Мистер Ритсон и мистер Стивене сидели рядом за узким дубовым столом. Мистер Ритсон – живой, энергичный человек – частенько корчил гримасы, выражая то крайнее удивление, то решительное недоверие. Уильям не дал бы ему больше тридцати пяти лет; его шейный платок был завязан броским модным узлом. Мистер Стивенс казался старше и куда суровее своего коллеги; позже Уильям говорил, что вид у Стивенса был такой, будто он собрался топить щенят. За столом сидели еще двое; один из этих двоих принялся что-то записывать, едва Уильям вошел в зал. В воздухе пахло чернилами, пылью и едва заметно отдавало грушами.

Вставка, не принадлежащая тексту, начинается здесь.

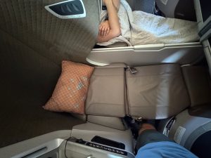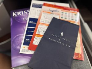 Singapore Airlines B787-10 Business Class seats are fitted with an 18.1″ touchscreen personal TV. The picture quality of the TV was sharp, and the colours were vibrant. A tilt-down feature has been incorporated into the screen’s design, allowing passengers to watch TV while in the flat bed mode of the seat without compromising picture quality. The IFE controller features a pseudo-smartphone design, where movie selections are made via the responsive touchscreen on the controller. Singapore Airlines provides its Business Class passengers with noise-cancelling headphones that are very effective in blocking out ambient noises. In fact, the noise-cancelling function was so effective that I had to remove my headphones when communicating with the cabin crew. KrisWorld, Singapore Airlines’ in-flight entertainment system, offers an extensive library of entertainment options, including movies, TV series, games, and destination guides. I had no issues finding something to keep me entertained from the huge menu of Hollywood and international movies for this short flight. I like how KrisWorld has this function that allows me to save the movies I’m watching to my KrisFlyer account, where I can log in and continue from where I left off. Singapore Airlines also provides complimentary in-flight wifi to all Business Class passengers. However, the speed only allows us to browse social media and does not support streaming videos from YouTube.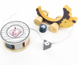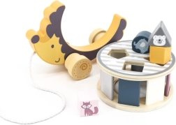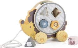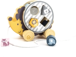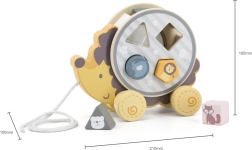 Houten egeltje op wieltjes met een vormensorteerder stimuleert de fijne motoriek, oog-handcoördinatie en het leren van vormen en kleuren. Dankzij het trektouw motiveert het kinderen om te bewegen en zelfstandig te lopen. Veilige afwerking, gladde randen en hoogwaardig materiaal zijn ideaal voor kinderen vanaf 2 jaar.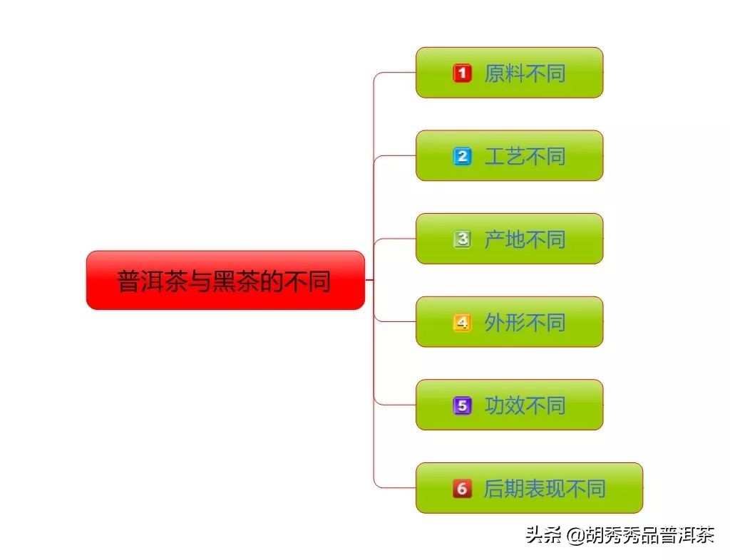 云南普洱茶的原料是云南大叶种鲜叶,黑茶的原料是中小叶种的鲜叶;此外普洱茶选用的是较细嫩的鲜叶,黑茶的则相对粗老。

Словно не заметив предложенного ему стула, Уильям остался стоять, глядя в маленькое окошко на купол собора Св. Павла.
– Прежде чем мы начнем, я хотел бы сделать ясное и недвусмысленное заявление.
– У нас здесь не суд, мистер Айрленд. – Ритсон умоляюще простер к нему руки. – Мы всего лишь проводим расследование. Без поощрений и наказаний.
– Рад слышать. Отец мой, однако же, считает, что его подвергают именно наказанию.
– Почему бы это?
– Потому что его подозревают в гнусной фальсификации старинных бумаг. А разве дело обстоит иначе?
– Его никто ни в чем не обвинял.
– Я этого и не говорил. Я сказал: подозревают, а не обвиняют.
– Мир полон всевозможных подозрений, – заговорил Стивене, до того молча и внимательно наблюдавший за Уильямом. – Мы ведь тоже несовершенны, мистер Айрленд. Слабы. Мы даже не пришли к выводу, что документы подделаны. Это нам пока не известно.
– Зато у вас есть возможность развеять сомнения на сей счет, – добавил Ритсон.
– В таком случае я тем более обязан высказать свою позицию.
– Но прежде ответьте, пожалуйста, на один вопрос, мистер Айрленд. Очень кратко.
– Разумеется. Я готов.
Ритсон положил ладони на стол.
– Уильям Генри Айрленд, готовы ли вы присягнуть, что, насколько вы знаете и насколько можете судить, исходя из известных вам обстоятельств, при которых обнаружились данные документы, – что они действительно вышли из-под пера Уильяма Шекспира?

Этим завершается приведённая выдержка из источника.